Based on the results of the experiments presented in this study, we prove that the architecture suggested combines the advantages of the special features of both Mesh and Tree (Figure  23). Unifying all architectures by building clusters with Tree-based local connections and linking these clusters to Mesh-based multi-stage switch boxes, we have shown that the resulting architecture represents a good balance between layout scalability and area density. The proposed architecture has the best result in terms of total hardware utilization compared to Tree-Based eFPGA.

Fig. 23
figure 23

eFPGA evolution’s

6 Conclusions

In this paper, we have implemented the first Mesh of Tree embedded FPGA. We have evaluated the area utilization, frequency, and static power. We have developed the interface to load the configuration file. The proposed eFPGA is fully synthesizable. To the best of our knowledge, the proposed eFPGA topology and the addressing decoder are the first complete IP dedicated to be integrated into ASIC. We compared the proposed core to 32 LUTs tree-based embedded FPGA in terms of area, power dissipation, performance, and frequency. We have demonstrated that Mesh of Tree eFPGA is a good trade-off between area density and layout scalability.
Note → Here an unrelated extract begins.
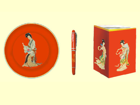 中國紅八寸盤/鋼筆/方型筆筒套裝

This paper discussed and contributed to a range of aspects to the investigation of the potentials and difficulties of eFPGAs. There may be some future outlines based on the information acquired and the experiments performed in this study. The Mesh of Tree has good structure scalability but is punishing in terms of the area relative to a stand-alone Tree structure. These points deserve to be more explored the Channel Width has an impact on hardware utilization. Channel Width variation affects the interaction between Mesh and Tree interconnectors. Also, as perspective, we will develop a VHDL generator can automate the generation of useful eFPGAs, facilitate and speed up the development process, and finally provide a ready-to-use eFPGA that can be incorporated into the SoC design.